What is expected → A word-for-word copy of all entries is required, without images.

** Opening Records shown block **

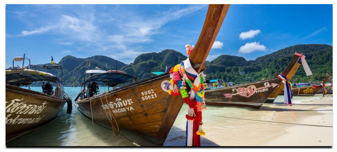
Krabi province provides countless beautiful dream beaches
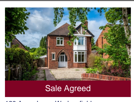
120 Amos Lane, Wednesfield
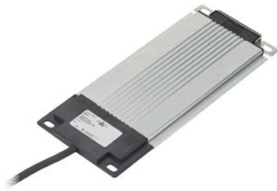
50W Flat Heater 061000-00
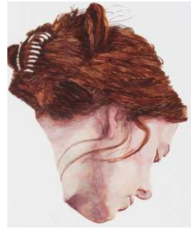
Figure 8: Add Green and Red touches. The hair is Burnt Umber, Ultramarine and Alizarin, with thin strokes following the hair pattern.
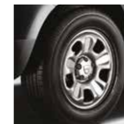
16" 'Matterhorn' steel wheels
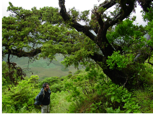
Juniperus brevifolia habitat at Faial, Azores.
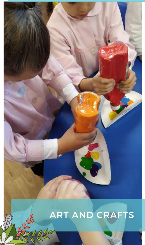
ART AND CRAFTS
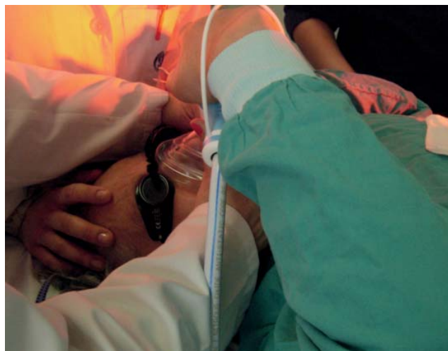
FIGURE 1: Conscious sedation with inhaled 50% nitrous oxide/oxygen premix during PDT session

When inhaled, a ready-to-use medical gas mixture consisting of 50% nitrous oxide and 50% oxygen
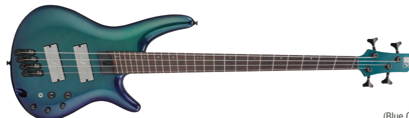
BCM (Blue Chameleon)
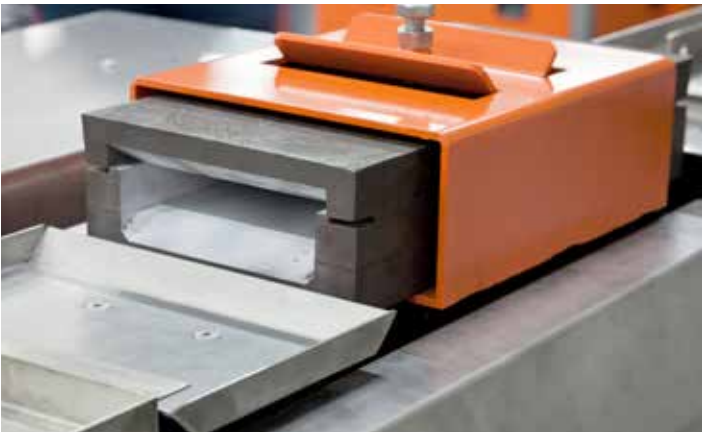
Mold for vertical casting

** Closing Records shown block **

Solution to this task →
Krabi province provides countless beautiful dream beaches
120 Amos Lane, Wednesfield
50W Flat Heater 061000-00
Figure 8: Add Green and Red touches. The hair is Burnt Umber, Ultramarine and Alizarin, with thin strokes following the hair pattern.
16" 'Matterhorn' steel wheels
Juniperus brevifolia habitat at Faial, Azores.
ART AND CRAFTS
FIGURE 1: Conscious sedation with inhaled 50% nitrous oxide/oxygen premix during PDT session

When inhaled, a ready-to-use medical gas mixture consisting of 50% nitrous oxide and 50% oxygen
BCM (Blue Chameleon)
Mold for vertical casting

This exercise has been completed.